Your instructions. Would you retype the listing below word for word, without any of its pictures?

Data.

= = = = = = =

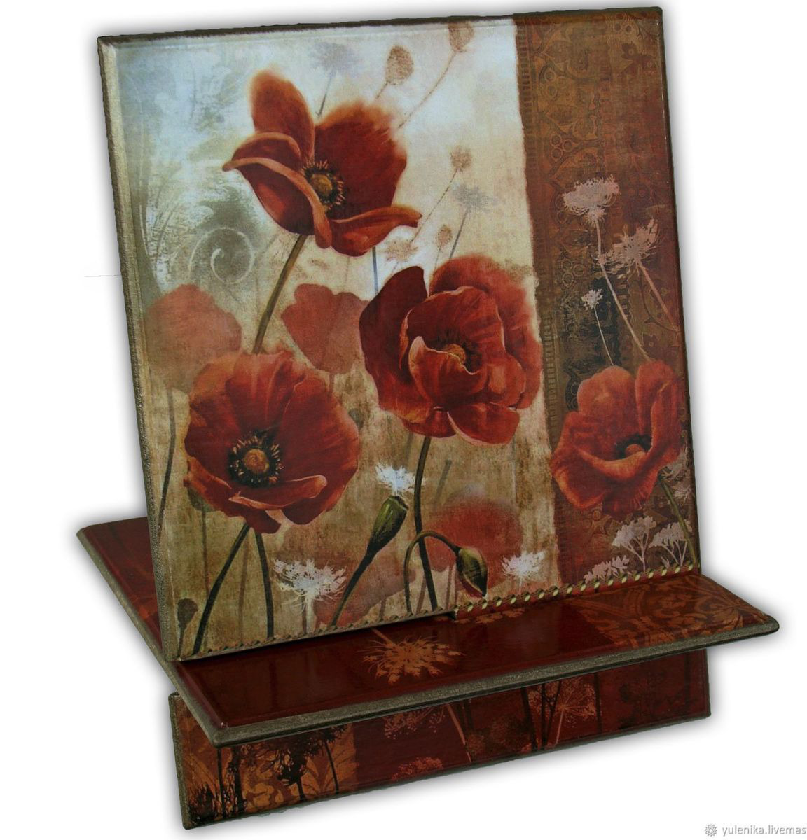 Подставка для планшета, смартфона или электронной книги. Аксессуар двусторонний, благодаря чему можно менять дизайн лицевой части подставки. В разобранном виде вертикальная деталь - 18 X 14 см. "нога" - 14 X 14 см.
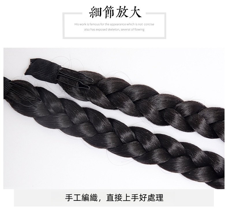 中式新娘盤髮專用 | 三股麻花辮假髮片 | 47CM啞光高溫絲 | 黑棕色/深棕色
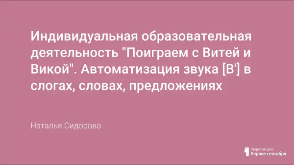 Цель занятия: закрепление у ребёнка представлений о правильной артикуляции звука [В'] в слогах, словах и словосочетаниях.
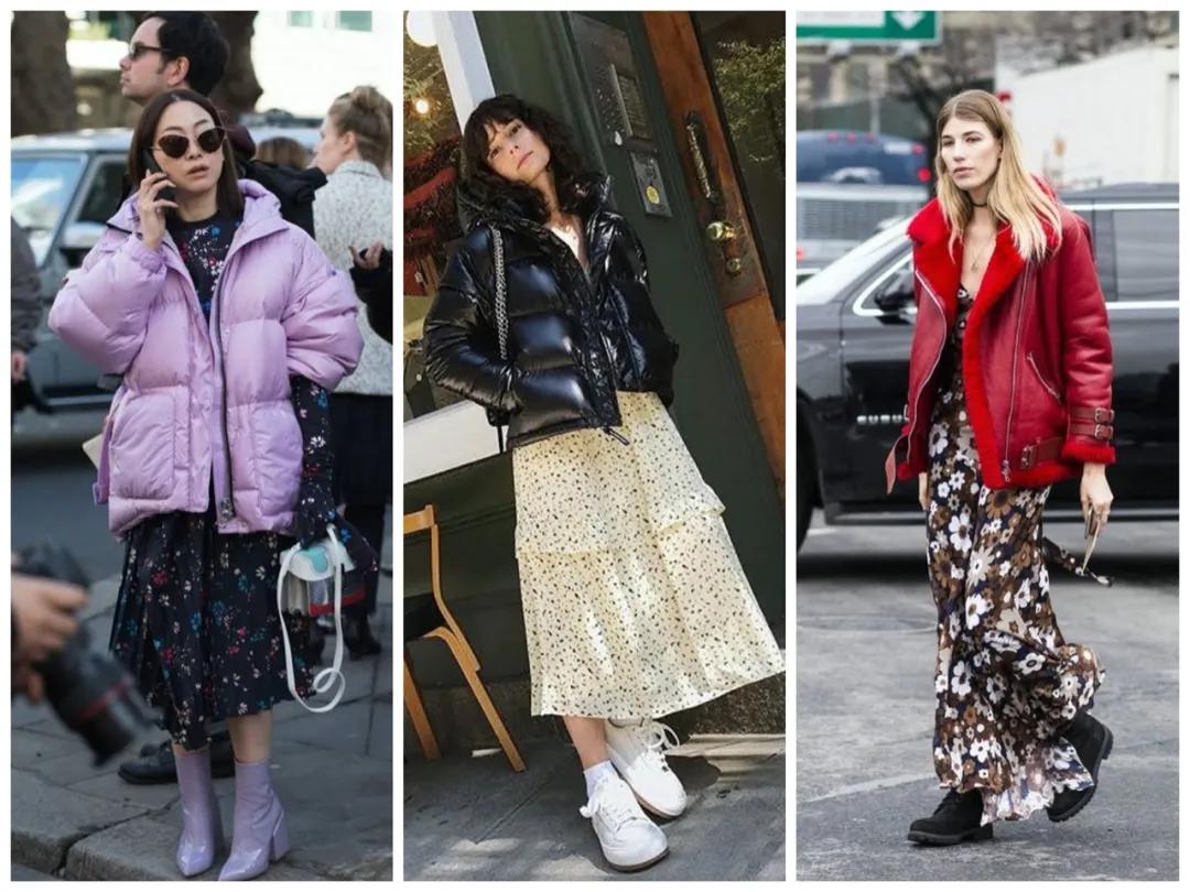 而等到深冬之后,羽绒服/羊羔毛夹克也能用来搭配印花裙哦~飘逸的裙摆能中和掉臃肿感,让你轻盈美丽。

= = = = = = =

Task output.
 Подставка для планшета, смартфона или электронной книги. Аксессуар двусторонний, благодаря чему можно менять дизайн лицевой части подставки. В разобранном виде вертикальная деталь - 18 X 14 см. "нога" - 14 X 14 см.
 中式新娘盤髮專用 | 三股麻花辮假髮片 | 47CM啞光高溫絲 | 黑棕色/深棕色
 Цель занятия: закрепление у ребёнка представлений о правильной артикуляции звука [В'] в слогах, словах и словосочетаниях.
 而等到深冬之后,羽绒服/羊羔毛夹克也能用来搭配印花裙哦~飘逸的裙摆能中和掉臃肿感,让你轻盈美丽。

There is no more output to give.